Al mismo tiempo, en el profundo vacío, a menos de diez millas de la Bahía de Nueve Dragones.
Las dos figuras descendieron una tras otra, y sus auras, a pesar de estar deliberadamente contenidas, aún sacudían las nubes.
Un hombre blanco de pelo rojo con una sonrisa maliciosa en su rostro se volvió hacia un hombre corpulento de cabello dorado y ojos azules a su lado con una expresión seria. —Paul, ¿también sentiste esa aura?
—Mi más respetado señor Carl.
El rubio de ojos azules, Carlo, sonrió como un caballero y cerró los ojos. —Este sabor es demasiado maravilloso. Sospecho que el elixir inmortal mencionado en los mitos orientales está a punto de nacer.
—¡Eso es mío!
Carl frunció ligeramente el ceño, como si estuviera descontento.

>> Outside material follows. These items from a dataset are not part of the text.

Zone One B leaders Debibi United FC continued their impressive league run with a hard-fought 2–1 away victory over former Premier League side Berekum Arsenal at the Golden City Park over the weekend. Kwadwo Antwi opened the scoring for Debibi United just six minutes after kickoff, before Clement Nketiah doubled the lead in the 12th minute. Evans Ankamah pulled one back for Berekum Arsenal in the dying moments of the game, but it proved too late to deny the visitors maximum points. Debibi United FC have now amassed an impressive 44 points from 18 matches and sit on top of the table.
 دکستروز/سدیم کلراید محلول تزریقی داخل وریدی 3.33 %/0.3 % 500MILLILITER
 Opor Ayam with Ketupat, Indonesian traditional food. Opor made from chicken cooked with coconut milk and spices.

—Señor Karl, ¡eres demasiado absoluto!
Se escuchó una risa, y un hombre occidental extremadamente apuesto con un abrigo apareció de la nada.
—Deathwing Lyant.
Las pupilas de Carl y Paul se contrajeron.
Entonces, más figuras descendieron frente a ellos.

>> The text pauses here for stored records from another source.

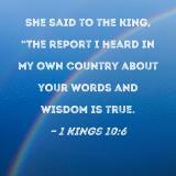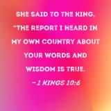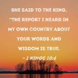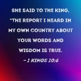 She said to the king, "The report I heard in my own country about your words and wisdom is true.
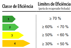 Existem 4 classes de eficiência de acordo com as normas CE de classificação de equipamentos de calor, sendo que na classe 4 temos um menor rendimento do equipamento, por sua vez na classe 1 temos um maior rendimento do equipamento.
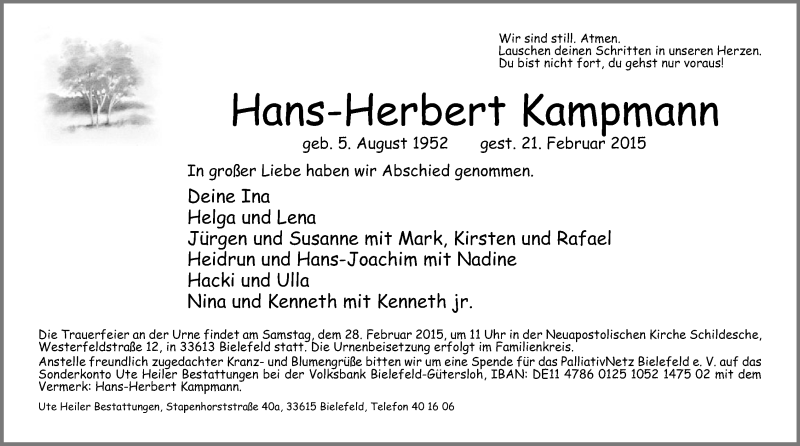 Hier finden Sie alle Traueranzeigen aus der Zeitung, die bisher für Hans-Herbert Kampmann erschienen sind. Weitere Traueranzeigen, die in der Zeitung erscheinen, werden hier ebenfalls aufgelistet
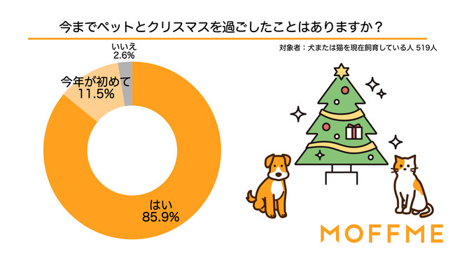 去年までの段階で、ペットとクリスマスを過ごしたことがあると回答した方は、85.9%、今年が初めてと回答した方は、11.5%となっており、ペットも家族の一員として一緒にクリスマスを過ごすご家庭が多いという結果でした。
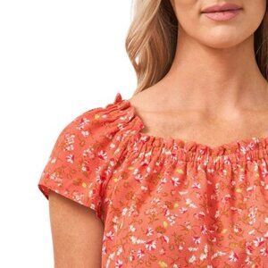 CeCe Womens Coral Stretch Ruffled Floral Short Sleeve Off the Shoulder Blouse
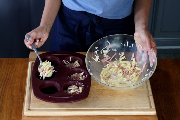 Mini gratinados de pasta con jamón, ¡listos en 15 minutos!
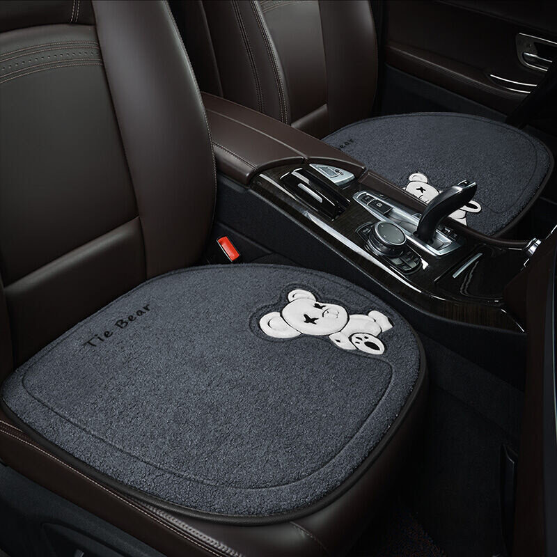 紫风铃加厚羊羔绒汽车坐垫冬季卡通汽车座垫三件套办公室椅垫朗逸

—¡Líder de la espada dominante, witsy!
—¡Diosa del Hielo y el Fuego Evelyn!
—¡El Buda viviente de India, Hades!
—……
Las expresiones de Carl y los demás cambiaron una y otra vez. Algunos de ellos eran familiares para dos personas, mientras que otros eran desconocidos para ellos.
Sin embargo, sin excepción, todos eran expertos incomparables de los países occidentales. Cualquiera de ellos podría hacer que el mundo temblara con un pisotón de sus pies.
No esperaba que se reunieran aquí hoy.
—¡Dios mío!
Karl estaba al borde de la locura. —¡Las siete existencias trascendentes más aterradoras del mundo han descendido. ¡Esto es increíble! ¡Esto es simplemente increíble!
—Todo el mundo ha llegado justo a tiempo.
—¿No les preocupa que las potencias de las tierras sagradas de China hagan un movimiento? —preguntó el Emperador Paul con una sonrisa.
—Yinxu, la tierra sagrada de China, está ocupada con sus propios asuntos. ¿Cómo pueden cuidarnos?
El líder de la espada dominante, witsy, levantó una ceja. —Estaba durmiendo, pero el elixir que estaba a punto de nacer en el Este me despertó. Mi instinto me dijo que si obtengo este elixir, podré volver a mi apogeo.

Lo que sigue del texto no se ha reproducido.